- **Task**
Output, word for word and without pictures, the lines from the one containing "Como se observa" through the final line of the listing below.

- **Data block**
=-=-=-=-=

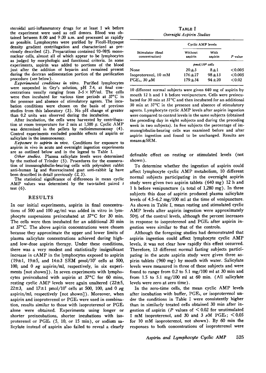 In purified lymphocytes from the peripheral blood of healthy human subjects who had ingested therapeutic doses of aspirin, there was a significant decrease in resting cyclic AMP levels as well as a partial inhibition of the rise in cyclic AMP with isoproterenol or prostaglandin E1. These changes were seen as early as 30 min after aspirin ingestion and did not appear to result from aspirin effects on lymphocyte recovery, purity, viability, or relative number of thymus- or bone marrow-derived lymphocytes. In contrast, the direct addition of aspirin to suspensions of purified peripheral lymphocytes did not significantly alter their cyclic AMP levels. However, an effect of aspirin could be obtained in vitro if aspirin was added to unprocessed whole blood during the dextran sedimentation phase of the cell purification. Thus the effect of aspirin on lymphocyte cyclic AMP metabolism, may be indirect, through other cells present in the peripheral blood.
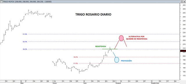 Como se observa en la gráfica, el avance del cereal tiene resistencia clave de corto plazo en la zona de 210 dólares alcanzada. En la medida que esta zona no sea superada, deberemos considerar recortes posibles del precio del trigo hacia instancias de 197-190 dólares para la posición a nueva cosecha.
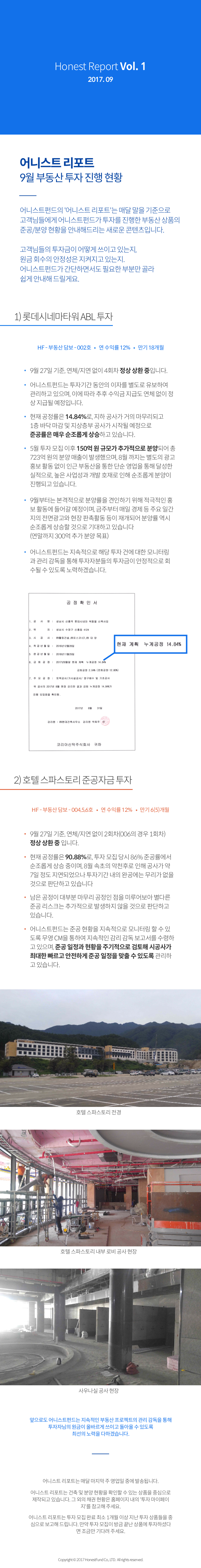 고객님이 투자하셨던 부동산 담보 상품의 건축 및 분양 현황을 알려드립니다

=-=-=-=-=

- **Task answer**
 Como se observa en la gráfica, el avance del cereal tiene resistencia clave de corto plazo en la zona de 210 dólares alcanzada. En la medida que esta zona no sea superada, deberemos considerar recortes posibles del precio del trigo hacia instancias de 197-190 dólares para la posición a nueva cosecha.
 고객님이 투자하셨던 부동산 담보 상품의 건축 및 분양 현황을 알려드립니다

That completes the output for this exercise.